Counsellor News
Supporting Kids to Develop Boundaries
“…Only by self-respect will you compel others to respect you.” – Dostoyevsky
One of the most important, but often overlooked, relationship skills in our culture is developing boundaries. A boundary is a social or emotional red line that it is not appropriate for others to cross, much in the same way we have physical boundaries between rooms or residences.
Communicating a boundary to others requires two ingredients. The first is sufficient self-respect to know that we deserve to be treated with kindness and consideration by others. The second is the strength/courage to express (and follow through with) a request or consequence when the various colourful characters in the world do not treat us with the respect we deserve.
One way I like to introduce boundaries to kids is by asking them how a family feels if the neighbour’s dog gets into their backyard and does its doggy business there, and why mums/dads may feel the need to talk to the neighbours when such a line is crossed.
Consider all the ways that a child might have their boundaries crossed during a single week:
· Another child at home/school pinches, pushes or grabs them without consent.
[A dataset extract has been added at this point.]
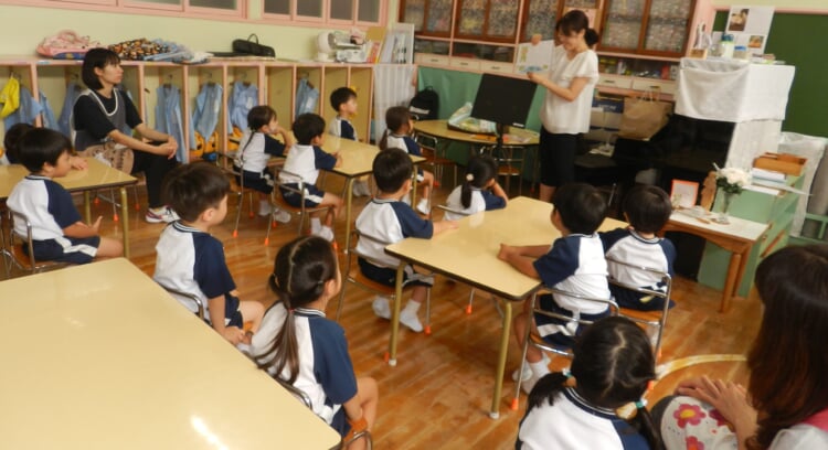 昨日の朝方 強い雨が降りましたが、天候が回復し、年中児年齢別参観日が開催されました。ご予約された皆様が笑顔で来園されました。

· An intruder in their personal space bubble.
· Receiving unkind words or name-calling.
· Inappropriate requests from other children or adults.
· Other children or adults pressuring them to do something they don’t want to do.
· Dealing with the annoying human tendency to give advice which wasn’t asked for in the first place.
Is it any wonder that some kids end up dysregulated by the end of the week, exploding with big feelings like sadness, anger, or worry towards the end of the day?
For this simple reason, I believe that children fortunate enough to have developed healthy boundaries tend to have a lot less emotional problems.
An easy way to role model boundaries to children – other than developing and expressing good boundaries in your own daily life, which is so important – is to rehearse with them, and praise them whenever you hear them using, boundary setting sentences like the following:
“I’ll think about it.”
“You’re a little close to me. Could you please back up?”
“I’m not comfortable with that. Please stop.”
“That isn’t funny to me.”
“I will end this conversation if you keeping speaking to me that way.”
“I’m not looking for advice currently.”